Yaeger first became interested in journalism when she was in middle school, where she was involved with her school’s yearbook and literary magazine. In high school she also worked for her yearbook and literary magazine, which led her to start looking at journalism as a career option.
She was involved with a variety of Advanced Placement classes and extracurriculars, but journalism was always her favorite.
“Doing all those activities and thinking back to all the time I put into them and the amount of passion I had for it, at the end of the day, that’s what I was really proud of,” Yaeger said. “Just doing that and having been a part of it — that’s just something that I really loved, I was really passionate about. I figured if I spent that much time outside of my regular classes doing that, that may be something I want to do for a career.”
Throughout her time at MU, Yaeger has worked for publications such as The Maneater, Newsy, the Columbia Missourian and the Orange County Register in California.

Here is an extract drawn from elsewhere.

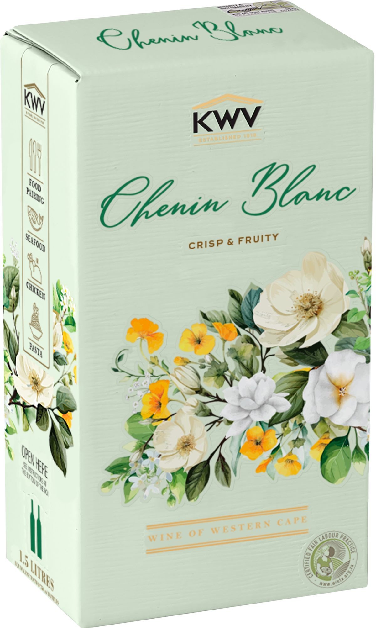 KWV Chenin Blanc on ihastuttavan virkistävä ja hapokas valkoviini kätevässä 1,5 litran hanapakkauksessa.

She is also the treasurer of the campus chapter of ACES.
This summer, Yaeger will be working for the Kansas City Star as one of its Dow Jones News Fund editing interns.
Maggie Walter, the faculty advisor for the MU chapter of ACES, knew Yaeger during her time at The Maneater and worked with her at the Missourian.
“She has a passion for copy editing and for making sure our coverage is as fair and as accurate as it can be,” Walter said. “She worked very diligently to correct all those little mechanical errors that are easy to let slide by but you hope you don’t. But beyond that, she also asked the bigger questions: ‘What’s not working here? What else does the reader need to know?’ ”
Yaeger said she is honored to receive the ACES scholarship and she’s excited to continue doing what she loves — journalism.
“I know I want to be more on the production side of journalism, so I don’t really want to report, but I’d rather edit content or engage with readers through social media or design or something like that,” Yaeger said. “I really like copy editing, but I’m definitely open to exploring other areas of journalism as well. I’m hoping that in my last year at Mizzou, and possibly if I stay for graduate school, maybe I’d kind of get to explore some of those areas and figure that out.”